» What is being asked
Set down each record exactly. Omit the pictures.
'''
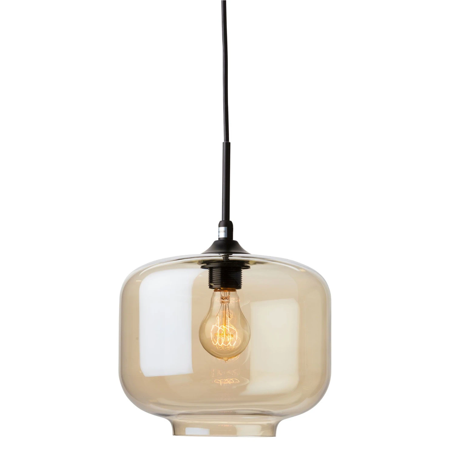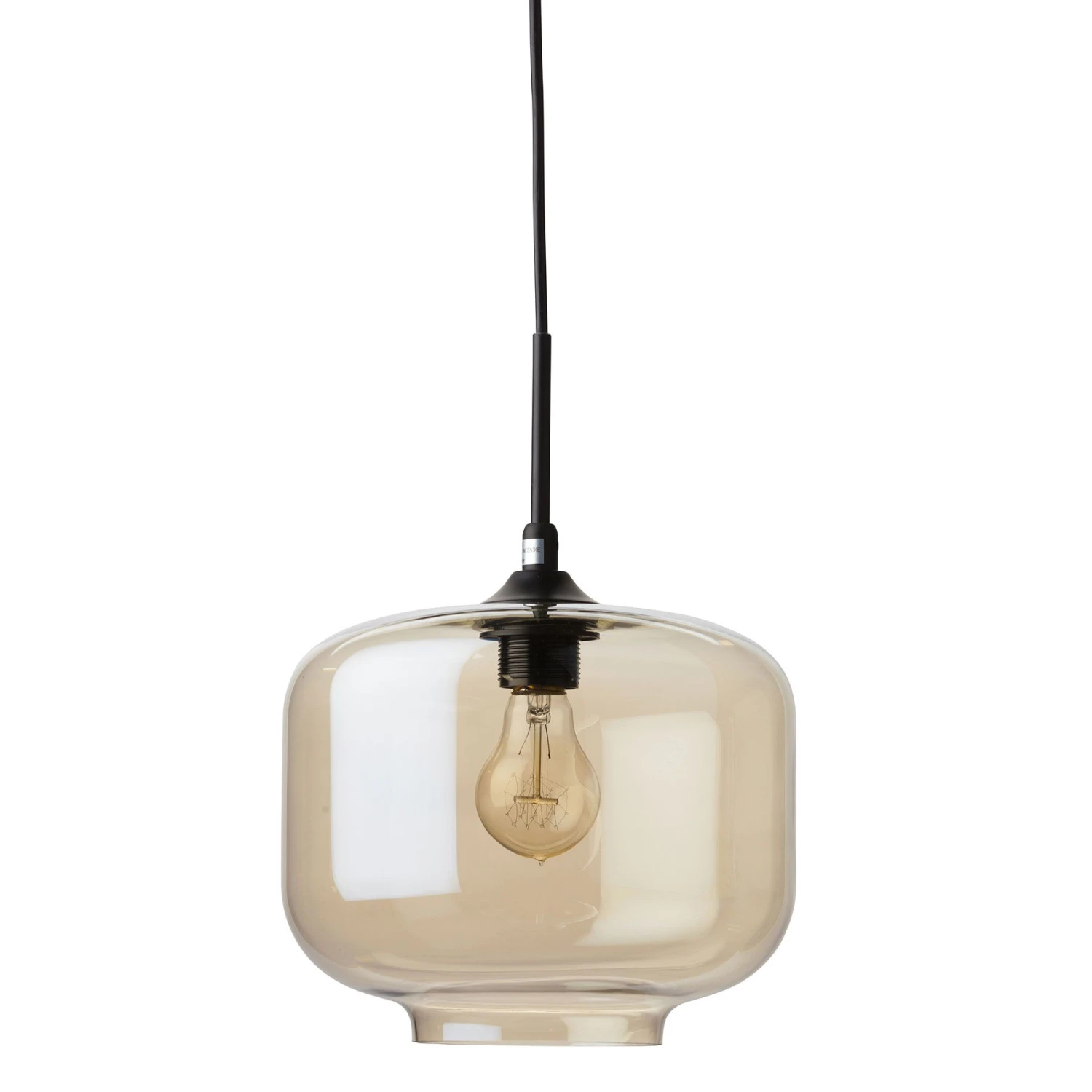 The Charles Pendant Lamp from Nuevo features a champagne colored glass shade with a black power cable and black powder coated steel canopy. The overall height is adjustable to a maximum 103.5″. Requires 1 E26 medium base 75 watt max bulb (not included).
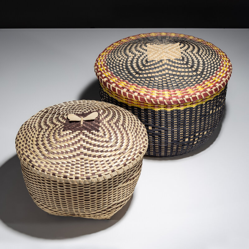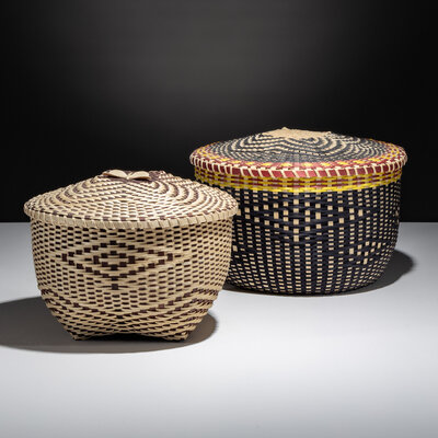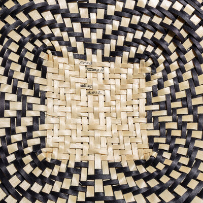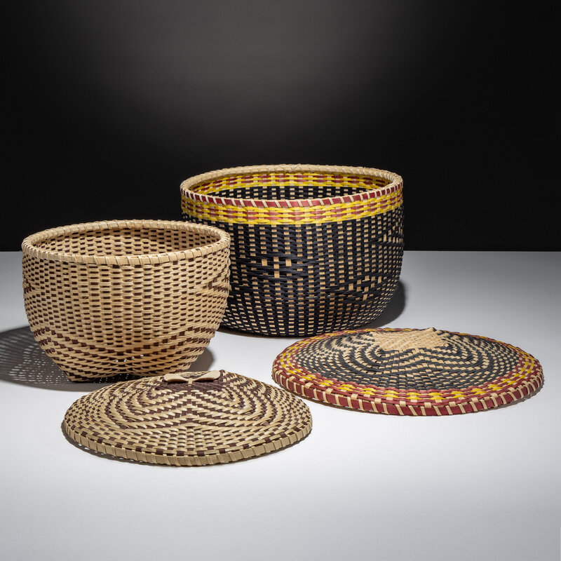 colorfully woven in natural and dyed black, red, and yellow; height 8-3/4 inches x diameter 12-1/2 inches
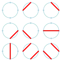 Le nombre de Motzkin d'indice est le nombre de façons de choisir des cordes ne se coupant pas, parmi les cordes reliant points disposés sur un cercle. Les nombres de Motzkin satisfont à la relation de récurrence suivante :
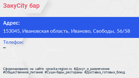 ЗакуCity, бар по адресу 153045, Ивановская область, Иваново, Свободы, 56/58 в дальнейшем Организация, размещена в следующих категориях:
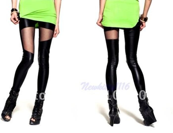 Free Shipping 2PCS/LOT Women Slim Asymmetric Sheer Mesh Panel Black Stretch Leggings Tights Pants
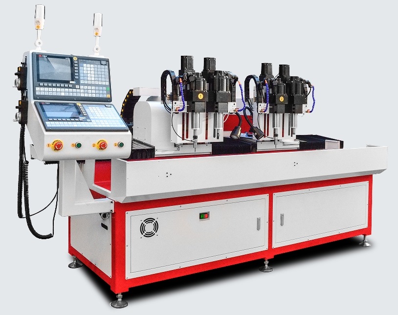 這是一臺(tái)來(lái)自浙江客戶定制的智能數(shù)控雙軸倒角機(jī),雙工位同時(shí)檢測(cè)并補(bǔ)償平面度后再進(jìn)行倒角加工。
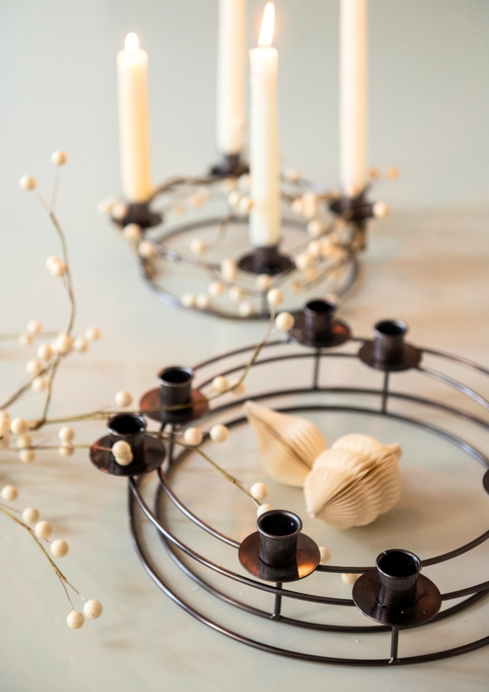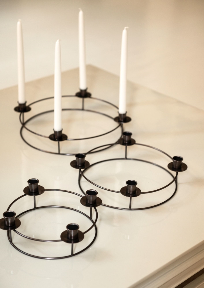 Adventski svijećnjak s crnim metalnim premazom. Ovaj prekrasan komad ima ručno oslikanu završnu obradu u vintage stilu i predviđen je za 4 standardne uske svijeće (promjera približno 22 mm).
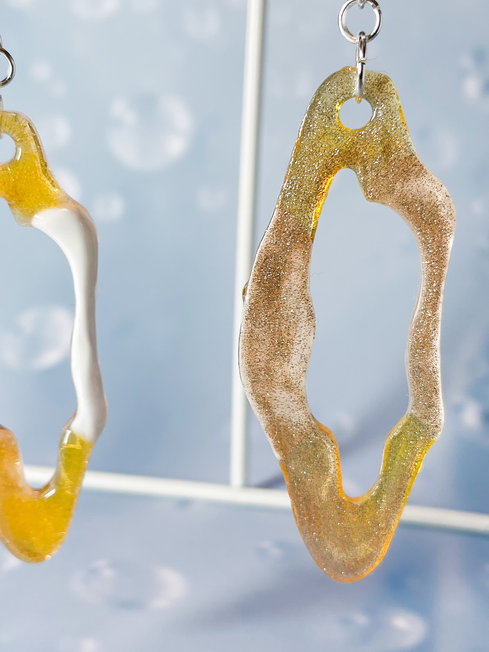 Those earrings are made from 2 pieces of acrylic plates, hand-painted and coated with acrylic UV/LED resin and finished with hypoallergenic silver hooks.
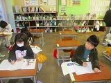5年生学級活動では、新年の抱負をワークシートに書きました。「勉強を頑張りたい」「算数を頑張る」など、それぞれの思いがつづられました。4年生は図書の時間です。久しぶりに図書室で読書を楽しみました。
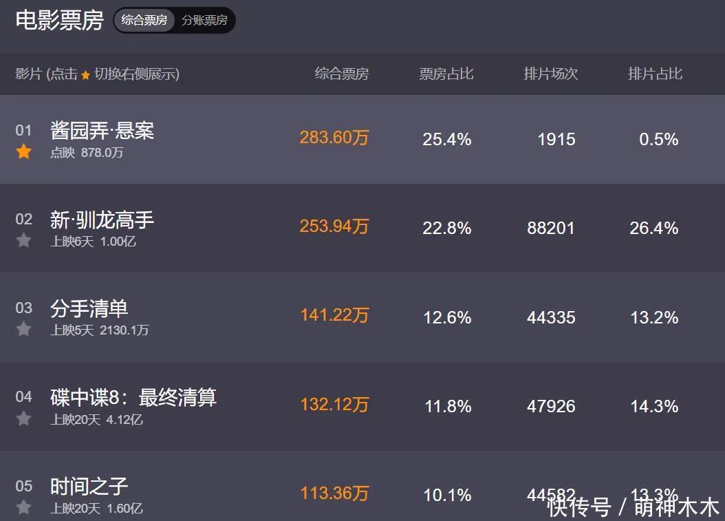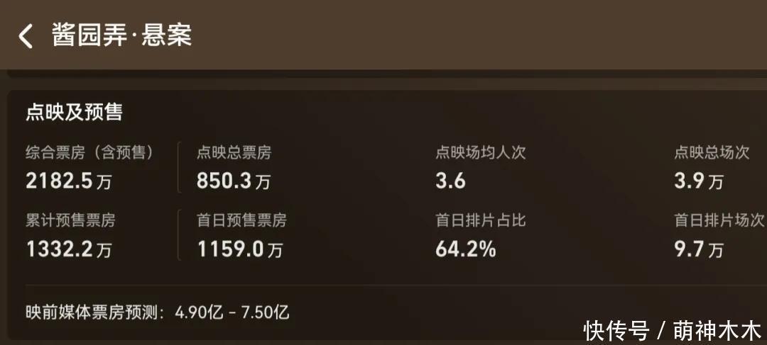 《酱园弄》开启大领域点映了!点映第一天就登顶日票房排名榜,以0.5%排片力压26.4%排片的《驯龙妙手》真东说念主版拿劣等一,点映票房迫害800万元,乍一看票房发达特地可以。
'''
» Solution to this problem
 The Charles Pendant Lamp from Nuevo features a champagne colored glass shade with a black power cable and black powder coated steel canopy. The overall height is adjustable to a maximum 103.5″. Requires 1 E26 medium base 75 watt max bulb (not included).
 colorfully woven in natural and dyed black, red, and yellow; height 8-3/4 inches x diameter 12-1/2 inches
 Le nombre de Motzkin d'indice est le nombre de façons de choisir des cordes ne se coupant pas, parmi les cordes reliant points disposés sur un cercle. Les nombres de Motzkin satisfont à la relation de récurrence suivante :
 ЗакуCity, бар по адресу 153045, Ивановская область, Иваново, Свободы, 56/58 в дальнейшем Организация, размещена в следующих категориях:
 Free Shipping 2PCS/LOT Women Slim Asymmetric Sheer Mesh Panel Black Stretch Leggings Tights Pants
 這是一臺(tái)來(lái)自浙江客戶定制的智能數(shù)控雙軸倒角機(jī),雙工位同時(shí)檢測(cè)并補(bǔ)償平面度后再進(jìn)行倒角加工。
 Adventski svijećnjak s crnim metalnim premazom. Ovaj prekrasan komad ima ručno oslikanu završnu obradu u vintage stilu i predviđen je za 4 standardne uske svijeće (promjera približno 22 mm).
 Those earrings are made from 2 pieces of acrylic plates, hand-painted and coated with acrylic UV/LED resin and finished with hypoallergenic silver hooks.
5年生学級活動では、新年の抱負をワークシートに書きました。「勉強を頑張りたい」「算数を頑張る」など、それぞれの思いがつづられました。4年生は図書の時間です。久しぶりに図書室で読書を楽しみました。
 《酱园弄》开启大领域点映了!点映第一天就登顶日票房排名榜,以0.5%排片力压26.4%排片的《驯龙妙手》真东说念主版拿劣等一,点映票房迫害800万元,乍一看票房发达特地可以。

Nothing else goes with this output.